A livello europeo, secondo i dati dell’Associazione Eera (che rappresenta i 30 maggiori riciclatori del Continente), il totale delle perdite generate dalla cannibalizzazione ammonta a circa 170 milioni di euro all’anno. In Italia, secondo lo studio dell’Associazione, si superano i 14 milioni di euro, con oltre 19mila tonnellate di componenti sottratti.  

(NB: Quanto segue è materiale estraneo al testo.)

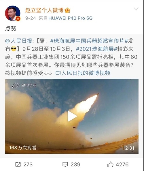 人民日報、新華社、中國日報、共青團中央、國資小新、騰訊軍事、鳳凰軍事、新浪軍事等新媒體發(fā)布的集團公司航展宣傳片等視頻作品燃爆全網(wǎng),閱讀量突破三千萬人次,得到外交部發(fā)言人趙立堅轉(zhuǎn)載點贊。集團公司微信、微博、抖音號、微信視頻號等新媒體宣傳片播放閱讀量超過400萬人次。同時,央視新聞、新華社、中國之聲、央視軍事、央視新媒體、解放軍報、共青團中央、國資小新、環(huán)球時報等多家媒體對集團公司靜、動態(tài)展區(qū)進行現(xiàn)場直播,在電視端、客戶端、微信視頻號、微博、B站、快手、抖音等平臺受到高度關(guān)注。著名軍事專家杜文龍、央視主持人顧國寧、央廣中國之聲主持人王藝等直播兵器館、動態(tài)表演區(qū)裝備。 《參考消息》、新華網(wǎng)、央廣網(wǎng)、中國日報、科技日報、解放軍報、人民網(wǎng)、中國新聞網(wǎng)、中國青年網(wǎng)、中國網(wǎng)、中工網(wǎng)、央視網(wǎng)、環(huán)球網(wǎng)、騰訊網(wǎng)、新浪網(wǎng)、鳳凰網(wǎng)、搜狐網(wǎng)、網(wǎng)易網(wǎng)、今日頭條等中央主流媒體和知名網(wǎng)絡(luò)媒體以及南方日報、廣東電視臺、北京電視臺、新京報、珠海傳媒集團、深圳衛(wèi)視等省市媒體對集團公司參展情況進行了圖片、文字、視頻報道。 航展期間,備受關(guān)注的中國兵器館,參觀的觀眾絡(luò)繹不絕。 |
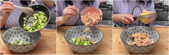 In una ciotola capiente, mettete le zucchine cotte in padella, il tonno sott’olio ben sgocciolato, la scorza grattugiata e il succo del limone.
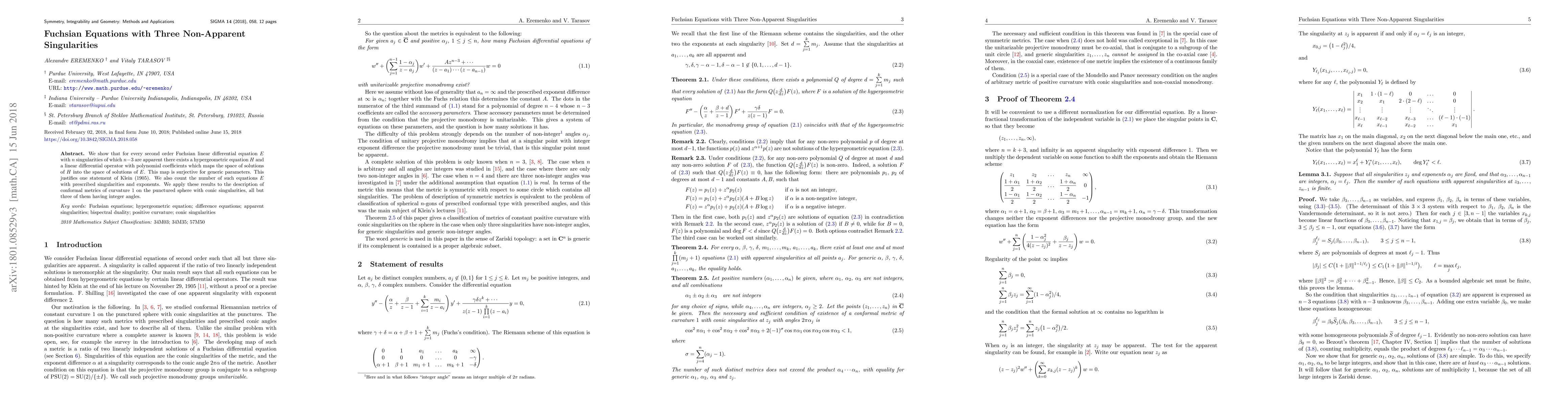 This paper demonstrates a mapping between a hypergeometric equation and a second-order Fuchsian equation with three non-apparent singularities, proving surjectivity for generic parameters and justifying a Klein statement from 1905. It also counts the number of such Fuchsian equations and applies the results to conformal metrics of curvature 1 on the punctured sphere.
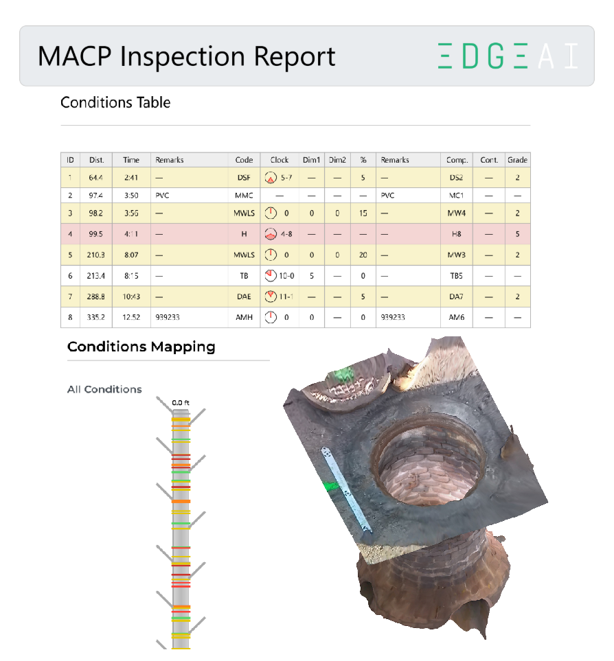 A complete MACP coding subscription for 2000 manholes. This is a service provided by Edge AI through our online portal. Approve inspections remotely to have the Edge AI team code them within 5-10 business days and deliver MACP certified reports for level 1 or level 2.
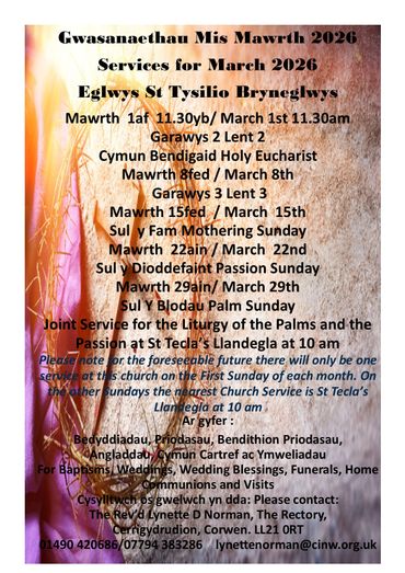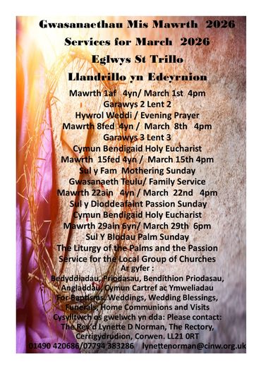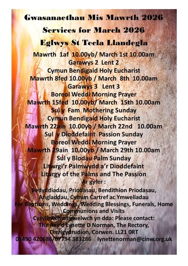 You’ll find posters, information and details of all the services, activities and events happening throughout Valle Crucis Mission Area CIO in the coming weeks. Please keep checking this page as it will be updated on a regular basis.
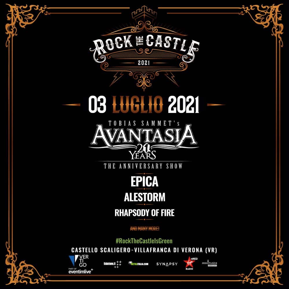 Dopo la notizia del posticipo di JUDAS PRIEST, si aggiunge una seconda ed importante conferma per il 2021 in casa Rock The Castle.Comunichiamo che, a seguito della situazione creatasi con la diffusione del coronavirus, AVANTASIA hanno posticipato a sabato 03 luglio 2021 la data italiana inizialmente prevista per il 04 luglio 2020 al Rock The Castle (Castello Scaligero c/o Villafranca di Verona).
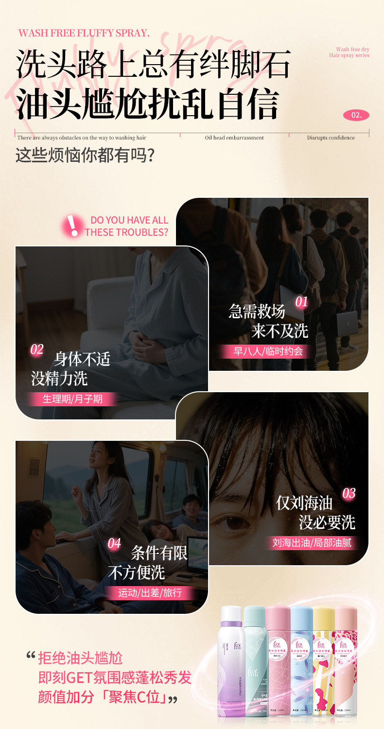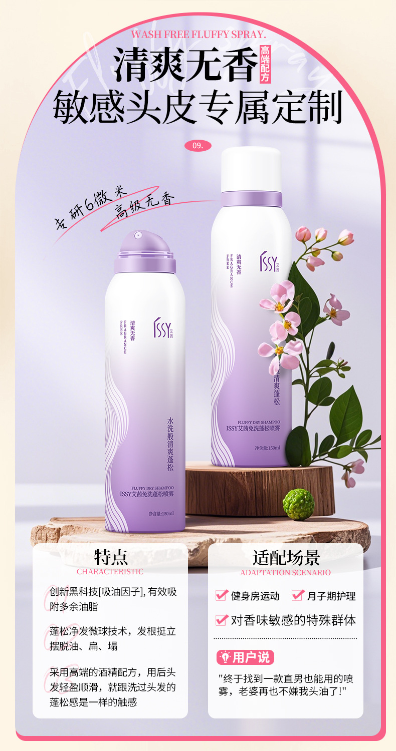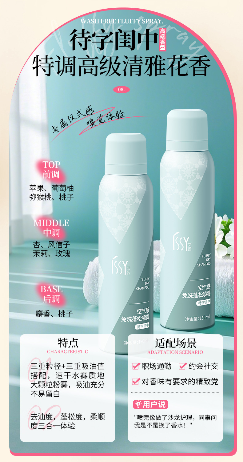 Спрей для волос без мытья для удаления масла, флюффи, для высоких челок, сухих волос, без белого налета и запаха

"Per arginare il dilagante fenomeno della cannibalizzazione dei Raee, che produce evidenti danni alla comunità e agli operatori del riciclo - afferma Giuseppe Piardi, presidente Assoraee - è necessario muoversi in quattro direzioni: identificare buone pratiche operative che preservino la qualità del materiale raccolto; rendere lo standard europeo per la raccolta vincolante per i centri di raccolta al fine di controllare maggiormente la qualità del materiale; prevedere meccanismi di compensazione economica (anche basati su decurtazioni dei premi di efficienza) tramite un fondo finalizzato al riequilibrio degli effetti economici derivanti dalla cannibalizzazione; promuovere ed incentivare il canale di raccolta della distribuzione che garantisce un materiale in ingresso agli impianti di trattamento in genere meno cannibalizzato".